= Nelson Shoemaker =

Canadian politician

Nelson M. Shoemaker (February 17, 1911 in Grandview, Manitoba – June 10, 2003) was a politician in Manitoba, Canada. He served as a Liberal member of the Legislative Assembly of Manitoba from 1958 to 1969.

The son of Allan Shoemaker and Alice Louetta Harkness, Shoemaker was educated at a one-room school in Grandview, and became a partner of Shoemaker-McGilvray Agencies in Neepawa, working in the fields of insurance, travel and real estate. He later sold the business, which became known as Gill and Schmall Agencies. In 1933, he married Edith E. Ford. He was director of Associated Hospitals of Manitoba from 1955 to 1960, and an alderman in the town of Neepawa from 1956 to 1959.

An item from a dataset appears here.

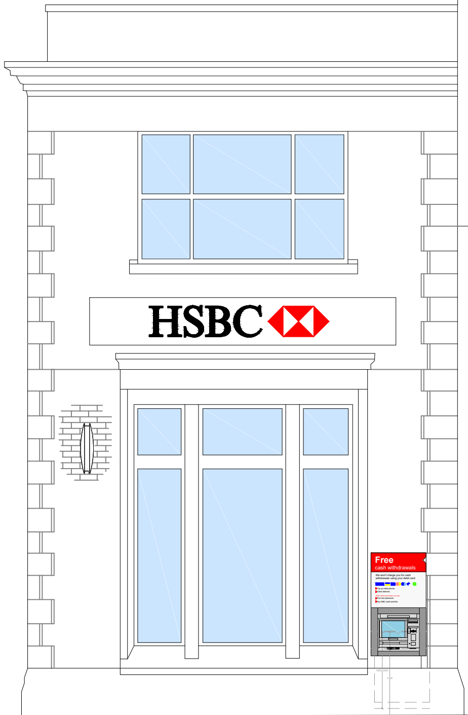
Church Road Elevation

He was easily elected to the Manitoba legislature in the 1958 provincial election for the rural riding of Gladstone, ironically as the Liberals were voted out of office at the provincial level. In the 1959 election, he defeated Progressive Conservative challenger Earl Murray by only 149 votes. He was returned by greater margins in the elections of 1962 and 1966, and spent his entire legislative career on the opposition benches.

The Liberal Party lost much of its rural support in the 1969 election, and Shoemaker lost his seat to James Ferguson of the Progressive Conservatives by 417 votes. He did not seek a return to the legislature after this time, and lived in Neepawa until his death.